* _Activity_
Repeat exactly the lines of the entries below from the one with "10月3日,孩子们在山东省邹平市一家游乐园游玩。" through the one with "机电工程学院党委书记莫琼玉、马克思主义学院副院长夏松涛教授讲话", both ends included, and nothing else.

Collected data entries

==========

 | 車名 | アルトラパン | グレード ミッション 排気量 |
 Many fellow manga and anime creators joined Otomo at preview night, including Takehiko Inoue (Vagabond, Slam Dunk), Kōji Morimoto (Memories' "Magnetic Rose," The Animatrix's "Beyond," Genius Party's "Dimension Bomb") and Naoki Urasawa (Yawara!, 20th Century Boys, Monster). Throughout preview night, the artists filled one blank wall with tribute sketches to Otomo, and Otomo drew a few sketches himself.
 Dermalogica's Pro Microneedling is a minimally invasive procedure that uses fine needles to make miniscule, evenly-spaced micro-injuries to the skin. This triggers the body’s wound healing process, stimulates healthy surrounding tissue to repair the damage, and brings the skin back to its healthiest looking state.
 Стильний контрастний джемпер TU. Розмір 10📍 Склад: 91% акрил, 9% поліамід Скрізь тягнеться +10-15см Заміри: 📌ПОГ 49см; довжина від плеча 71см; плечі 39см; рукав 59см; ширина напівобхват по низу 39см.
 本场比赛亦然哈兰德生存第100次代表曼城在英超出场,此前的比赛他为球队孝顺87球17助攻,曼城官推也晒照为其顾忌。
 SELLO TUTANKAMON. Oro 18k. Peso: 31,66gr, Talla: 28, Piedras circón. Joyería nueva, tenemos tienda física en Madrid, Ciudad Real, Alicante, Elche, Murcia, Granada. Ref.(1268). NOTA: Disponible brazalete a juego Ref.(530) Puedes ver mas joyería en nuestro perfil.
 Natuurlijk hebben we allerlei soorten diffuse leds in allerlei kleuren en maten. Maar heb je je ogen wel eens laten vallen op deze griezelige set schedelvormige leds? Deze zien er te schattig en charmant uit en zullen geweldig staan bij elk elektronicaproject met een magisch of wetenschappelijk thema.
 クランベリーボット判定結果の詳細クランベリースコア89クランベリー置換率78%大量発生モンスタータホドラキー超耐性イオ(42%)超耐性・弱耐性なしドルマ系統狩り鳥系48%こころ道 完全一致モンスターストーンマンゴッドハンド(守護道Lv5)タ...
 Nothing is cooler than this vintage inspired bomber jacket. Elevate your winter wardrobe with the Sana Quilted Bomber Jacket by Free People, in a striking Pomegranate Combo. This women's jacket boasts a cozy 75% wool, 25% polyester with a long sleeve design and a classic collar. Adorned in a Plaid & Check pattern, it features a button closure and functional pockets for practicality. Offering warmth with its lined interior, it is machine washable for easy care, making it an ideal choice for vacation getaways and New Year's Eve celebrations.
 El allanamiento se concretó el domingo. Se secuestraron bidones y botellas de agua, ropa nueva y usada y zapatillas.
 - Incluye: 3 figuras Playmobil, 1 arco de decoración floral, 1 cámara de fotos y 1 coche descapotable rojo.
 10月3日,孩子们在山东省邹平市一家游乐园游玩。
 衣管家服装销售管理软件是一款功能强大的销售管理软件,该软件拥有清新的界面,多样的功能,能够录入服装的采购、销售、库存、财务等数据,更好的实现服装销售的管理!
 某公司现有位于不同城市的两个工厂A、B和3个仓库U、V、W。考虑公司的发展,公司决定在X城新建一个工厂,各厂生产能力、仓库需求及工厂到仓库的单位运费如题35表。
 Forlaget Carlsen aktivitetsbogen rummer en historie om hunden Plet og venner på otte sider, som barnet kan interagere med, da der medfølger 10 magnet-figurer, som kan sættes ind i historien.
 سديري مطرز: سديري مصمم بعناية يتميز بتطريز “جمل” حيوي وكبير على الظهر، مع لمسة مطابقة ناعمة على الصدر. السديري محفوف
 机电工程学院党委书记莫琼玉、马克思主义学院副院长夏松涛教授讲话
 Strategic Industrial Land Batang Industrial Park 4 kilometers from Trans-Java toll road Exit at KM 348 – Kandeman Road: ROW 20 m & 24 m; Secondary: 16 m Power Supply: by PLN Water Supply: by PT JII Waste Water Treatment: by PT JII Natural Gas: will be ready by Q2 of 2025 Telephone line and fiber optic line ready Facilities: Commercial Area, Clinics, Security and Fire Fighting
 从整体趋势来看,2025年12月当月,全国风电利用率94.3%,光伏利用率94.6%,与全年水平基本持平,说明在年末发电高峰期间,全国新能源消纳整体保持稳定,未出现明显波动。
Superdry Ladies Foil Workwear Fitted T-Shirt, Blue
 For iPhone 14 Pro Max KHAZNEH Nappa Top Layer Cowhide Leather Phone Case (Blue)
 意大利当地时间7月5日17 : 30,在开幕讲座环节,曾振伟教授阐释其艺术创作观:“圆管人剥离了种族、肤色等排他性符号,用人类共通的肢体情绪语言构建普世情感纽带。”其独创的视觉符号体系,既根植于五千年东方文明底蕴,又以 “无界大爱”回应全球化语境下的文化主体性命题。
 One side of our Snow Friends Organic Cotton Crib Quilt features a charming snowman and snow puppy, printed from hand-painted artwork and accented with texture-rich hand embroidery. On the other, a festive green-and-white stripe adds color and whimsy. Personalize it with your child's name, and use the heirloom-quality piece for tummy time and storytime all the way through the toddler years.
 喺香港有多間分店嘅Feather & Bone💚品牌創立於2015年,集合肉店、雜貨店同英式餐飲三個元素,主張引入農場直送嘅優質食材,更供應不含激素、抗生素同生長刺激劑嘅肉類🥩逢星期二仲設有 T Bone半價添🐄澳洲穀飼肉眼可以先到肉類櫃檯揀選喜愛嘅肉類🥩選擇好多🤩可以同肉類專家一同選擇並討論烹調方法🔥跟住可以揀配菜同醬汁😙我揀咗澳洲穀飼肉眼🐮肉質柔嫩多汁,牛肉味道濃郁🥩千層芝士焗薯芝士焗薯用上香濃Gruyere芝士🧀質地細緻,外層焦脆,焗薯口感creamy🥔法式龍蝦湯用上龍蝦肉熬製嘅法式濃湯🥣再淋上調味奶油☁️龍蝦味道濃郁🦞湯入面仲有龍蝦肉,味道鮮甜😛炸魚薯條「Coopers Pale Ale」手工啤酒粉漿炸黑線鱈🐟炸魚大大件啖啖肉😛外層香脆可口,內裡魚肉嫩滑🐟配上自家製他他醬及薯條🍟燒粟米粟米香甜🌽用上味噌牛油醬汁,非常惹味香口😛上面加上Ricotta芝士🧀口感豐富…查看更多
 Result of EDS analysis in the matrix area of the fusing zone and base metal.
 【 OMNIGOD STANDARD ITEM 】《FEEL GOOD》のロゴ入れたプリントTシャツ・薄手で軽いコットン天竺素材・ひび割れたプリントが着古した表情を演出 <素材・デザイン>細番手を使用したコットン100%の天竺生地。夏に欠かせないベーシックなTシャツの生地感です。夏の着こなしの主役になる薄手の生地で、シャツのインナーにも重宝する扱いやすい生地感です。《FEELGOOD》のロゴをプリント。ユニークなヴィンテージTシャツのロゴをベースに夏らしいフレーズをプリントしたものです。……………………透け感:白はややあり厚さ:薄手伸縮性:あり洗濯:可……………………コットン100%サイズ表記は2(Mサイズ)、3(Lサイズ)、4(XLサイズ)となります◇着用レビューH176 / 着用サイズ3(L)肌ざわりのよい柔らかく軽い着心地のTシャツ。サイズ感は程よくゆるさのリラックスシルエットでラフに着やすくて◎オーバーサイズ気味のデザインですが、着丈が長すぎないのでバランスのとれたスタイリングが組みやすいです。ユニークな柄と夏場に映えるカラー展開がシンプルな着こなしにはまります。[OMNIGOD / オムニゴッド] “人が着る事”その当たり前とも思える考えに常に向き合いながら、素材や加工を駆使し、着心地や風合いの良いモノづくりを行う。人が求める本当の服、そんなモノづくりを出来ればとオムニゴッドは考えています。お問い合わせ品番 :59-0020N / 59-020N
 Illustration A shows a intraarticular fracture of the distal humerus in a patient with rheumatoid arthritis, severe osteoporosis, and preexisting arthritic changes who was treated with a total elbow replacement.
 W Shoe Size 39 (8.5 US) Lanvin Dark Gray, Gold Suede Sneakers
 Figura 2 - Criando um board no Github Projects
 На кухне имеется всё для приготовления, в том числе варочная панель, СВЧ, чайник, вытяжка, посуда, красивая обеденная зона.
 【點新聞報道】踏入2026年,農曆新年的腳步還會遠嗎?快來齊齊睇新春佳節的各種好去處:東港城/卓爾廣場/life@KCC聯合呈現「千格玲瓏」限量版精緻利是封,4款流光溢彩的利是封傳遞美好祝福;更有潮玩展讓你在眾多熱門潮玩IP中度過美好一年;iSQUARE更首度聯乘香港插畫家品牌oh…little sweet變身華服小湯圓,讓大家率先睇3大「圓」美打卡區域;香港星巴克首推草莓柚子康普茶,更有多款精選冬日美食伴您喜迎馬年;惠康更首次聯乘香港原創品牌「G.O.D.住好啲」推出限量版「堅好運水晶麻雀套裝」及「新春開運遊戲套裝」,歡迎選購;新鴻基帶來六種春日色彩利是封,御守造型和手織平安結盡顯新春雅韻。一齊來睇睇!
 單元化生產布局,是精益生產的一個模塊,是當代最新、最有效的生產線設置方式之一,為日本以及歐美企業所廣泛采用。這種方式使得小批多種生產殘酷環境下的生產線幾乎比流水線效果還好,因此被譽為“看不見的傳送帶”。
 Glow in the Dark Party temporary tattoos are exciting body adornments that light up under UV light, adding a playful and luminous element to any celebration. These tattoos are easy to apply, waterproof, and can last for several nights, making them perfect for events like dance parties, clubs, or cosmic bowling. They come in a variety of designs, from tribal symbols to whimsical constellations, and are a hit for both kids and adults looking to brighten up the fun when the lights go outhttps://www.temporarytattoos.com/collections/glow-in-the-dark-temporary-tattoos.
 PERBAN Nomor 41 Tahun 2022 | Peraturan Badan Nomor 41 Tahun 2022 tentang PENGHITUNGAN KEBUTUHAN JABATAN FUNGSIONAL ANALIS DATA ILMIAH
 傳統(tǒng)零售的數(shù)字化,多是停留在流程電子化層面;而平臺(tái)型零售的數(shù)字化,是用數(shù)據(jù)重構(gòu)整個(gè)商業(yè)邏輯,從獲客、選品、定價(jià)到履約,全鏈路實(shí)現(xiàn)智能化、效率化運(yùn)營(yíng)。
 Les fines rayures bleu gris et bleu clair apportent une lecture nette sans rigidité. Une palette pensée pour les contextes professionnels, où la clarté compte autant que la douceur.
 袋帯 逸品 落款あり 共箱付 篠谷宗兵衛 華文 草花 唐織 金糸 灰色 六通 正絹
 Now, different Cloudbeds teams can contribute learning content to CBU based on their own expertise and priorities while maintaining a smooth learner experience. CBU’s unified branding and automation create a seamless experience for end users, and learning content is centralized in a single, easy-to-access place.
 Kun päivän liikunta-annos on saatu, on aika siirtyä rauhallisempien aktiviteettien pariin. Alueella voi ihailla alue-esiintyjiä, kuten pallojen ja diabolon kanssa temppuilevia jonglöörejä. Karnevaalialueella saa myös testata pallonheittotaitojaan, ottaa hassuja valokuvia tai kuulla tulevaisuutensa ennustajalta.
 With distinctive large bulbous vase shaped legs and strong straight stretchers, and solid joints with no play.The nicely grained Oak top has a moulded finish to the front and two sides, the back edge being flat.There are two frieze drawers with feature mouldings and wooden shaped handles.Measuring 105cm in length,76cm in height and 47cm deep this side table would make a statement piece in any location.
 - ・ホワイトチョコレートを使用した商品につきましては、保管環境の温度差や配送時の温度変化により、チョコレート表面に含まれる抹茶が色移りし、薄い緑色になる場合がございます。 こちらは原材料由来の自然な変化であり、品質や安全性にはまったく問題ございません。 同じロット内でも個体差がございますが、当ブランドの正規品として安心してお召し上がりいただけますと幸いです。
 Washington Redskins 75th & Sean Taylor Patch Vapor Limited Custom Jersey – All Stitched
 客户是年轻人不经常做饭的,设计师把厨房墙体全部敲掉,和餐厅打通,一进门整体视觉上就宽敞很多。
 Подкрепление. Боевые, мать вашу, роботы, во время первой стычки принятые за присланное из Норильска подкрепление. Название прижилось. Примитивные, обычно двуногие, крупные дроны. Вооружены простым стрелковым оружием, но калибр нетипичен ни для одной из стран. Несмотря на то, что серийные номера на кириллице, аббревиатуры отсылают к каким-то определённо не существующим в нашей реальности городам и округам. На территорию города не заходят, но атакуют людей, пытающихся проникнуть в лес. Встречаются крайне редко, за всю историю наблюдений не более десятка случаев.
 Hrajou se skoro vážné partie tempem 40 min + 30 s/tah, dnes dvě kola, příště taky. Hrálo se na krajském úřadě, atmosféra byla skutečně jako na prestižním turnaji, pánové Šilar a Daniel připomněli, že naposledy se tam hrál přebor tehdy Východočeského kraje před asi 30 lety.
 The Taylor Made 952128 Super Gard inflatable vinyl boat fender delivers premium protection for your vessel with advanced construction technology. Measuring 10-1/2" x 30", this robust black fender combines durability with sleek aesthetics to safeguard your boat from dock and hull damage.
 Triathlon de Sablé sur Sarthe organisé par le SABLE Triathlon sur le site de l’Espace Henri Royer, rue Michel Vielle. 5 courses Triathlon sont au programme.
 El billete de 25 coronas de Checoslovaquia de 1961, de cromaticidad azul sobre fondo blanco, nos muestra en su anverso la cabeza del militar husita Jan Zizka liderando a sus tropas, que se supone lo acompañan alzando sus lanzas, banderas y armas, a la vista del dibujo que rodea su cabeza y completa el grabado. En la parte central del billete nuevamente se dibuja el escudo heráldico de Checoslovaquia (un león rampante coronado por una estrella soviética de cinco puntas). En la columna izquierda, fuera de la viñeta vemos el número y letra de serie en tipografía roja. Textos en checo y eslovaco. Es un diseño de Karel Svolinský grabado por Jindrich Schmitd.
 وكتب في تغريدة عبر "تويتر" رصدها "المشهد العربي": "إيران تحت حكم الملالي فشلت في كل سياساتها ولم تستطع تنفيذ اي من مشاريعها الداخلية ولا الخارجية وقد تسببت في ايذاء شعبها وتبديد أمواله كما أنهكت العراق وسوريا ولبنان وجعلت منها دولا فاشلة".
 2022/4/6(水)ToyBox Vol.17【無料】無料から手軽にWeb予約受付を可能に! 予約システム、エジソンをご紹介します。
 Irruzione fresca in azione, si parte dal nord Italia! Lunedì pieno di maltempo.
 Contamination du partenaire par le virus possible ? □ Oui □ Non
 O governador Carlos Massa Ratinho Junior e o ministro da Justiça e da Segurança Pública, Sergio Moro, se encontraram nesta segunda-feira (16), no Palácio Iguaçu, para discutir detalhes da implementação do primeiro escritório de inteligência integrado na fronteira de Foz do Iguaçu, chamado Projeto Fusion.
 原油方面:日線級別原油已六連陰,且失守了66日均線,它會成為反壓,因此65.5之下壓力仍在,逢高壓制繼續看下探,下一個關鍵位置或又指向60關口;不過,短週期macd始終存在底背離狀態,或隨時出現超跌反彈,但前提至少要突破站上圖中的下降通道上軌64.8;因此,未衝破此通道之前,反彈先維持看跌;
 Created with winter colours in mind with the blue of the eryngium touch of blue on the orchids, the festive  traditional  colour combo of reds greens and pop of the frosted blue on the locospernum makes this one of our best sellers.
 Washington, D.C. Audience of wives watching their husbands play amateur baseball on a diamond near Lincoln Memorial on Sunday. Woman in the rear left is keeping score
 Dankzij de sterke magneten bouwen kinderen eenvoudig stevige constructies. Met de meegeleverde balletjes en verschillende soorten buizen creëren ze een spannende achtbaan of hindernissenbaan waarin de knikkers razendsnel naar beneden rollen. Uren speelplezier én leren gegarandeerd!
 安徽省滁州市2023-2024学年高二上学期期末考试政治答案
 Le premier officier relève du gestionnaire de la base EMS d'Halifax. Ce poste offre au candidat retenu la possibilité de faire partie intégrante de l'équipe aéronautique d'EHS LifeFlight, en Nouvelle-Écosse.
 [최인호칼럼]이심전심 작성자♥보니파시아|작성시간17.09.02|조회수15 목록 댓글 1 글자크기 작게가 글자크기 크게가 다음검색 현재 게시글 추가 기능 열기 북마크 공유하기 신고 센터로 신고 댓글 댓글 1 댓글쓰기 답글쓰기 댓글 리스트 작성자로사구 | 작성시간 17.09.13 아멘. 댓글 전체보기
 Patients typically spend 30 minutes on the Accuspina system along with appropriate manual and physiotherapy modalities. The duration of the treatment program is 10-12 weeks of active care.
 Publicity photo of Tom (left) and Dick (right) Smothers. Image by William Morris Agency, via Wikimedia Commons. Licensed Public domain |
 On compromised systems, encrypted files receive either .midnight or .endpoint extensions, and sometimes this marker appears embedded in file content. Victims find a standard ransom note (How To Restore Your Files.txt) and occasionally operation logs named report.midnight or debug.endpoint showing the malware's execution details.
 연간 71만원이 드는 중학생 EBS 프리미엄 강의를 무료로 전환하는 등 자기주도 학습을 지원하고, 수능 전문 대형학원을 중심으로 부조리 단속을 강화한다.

==========

* _Response to this task_
 10月3日,孩子们在山东省邹平市一家游乐园游玩。
 衣管家服装销售管理软件是一款功能强大的销售管理软件,该软件拥有清新的界面,多样的功能,能够录入服装的采购、销售、库存、财务等数据,更好的实现服装销售的管理!
 某公司现有位于不同城市的两个工厂A、B和3个仓库U、V、W。考虑公司的发展,公司决定在X城新建一个工厂,各厂生产能力、仓库需求及工厂到仓库的单位运费如题35表。
 Forlaget Carlsen aktivitetsbogen rummer en historie om hunden Plet og venner på otte sider, som barnet kan interagere med, da der medfølger 10 magnet-figurer, som kan sættes ind i historien.
 سديري مطرز: سديري مصمم بعناية يتميز بتطريز “جمل” حيوي وكبير على الظهر، مع لمسة مطابقة ناعمة على الصدر. السديري محفوف
 机电工程学院党委书记莫琼玉、马克思主义学院副院长夏松涛教授讲话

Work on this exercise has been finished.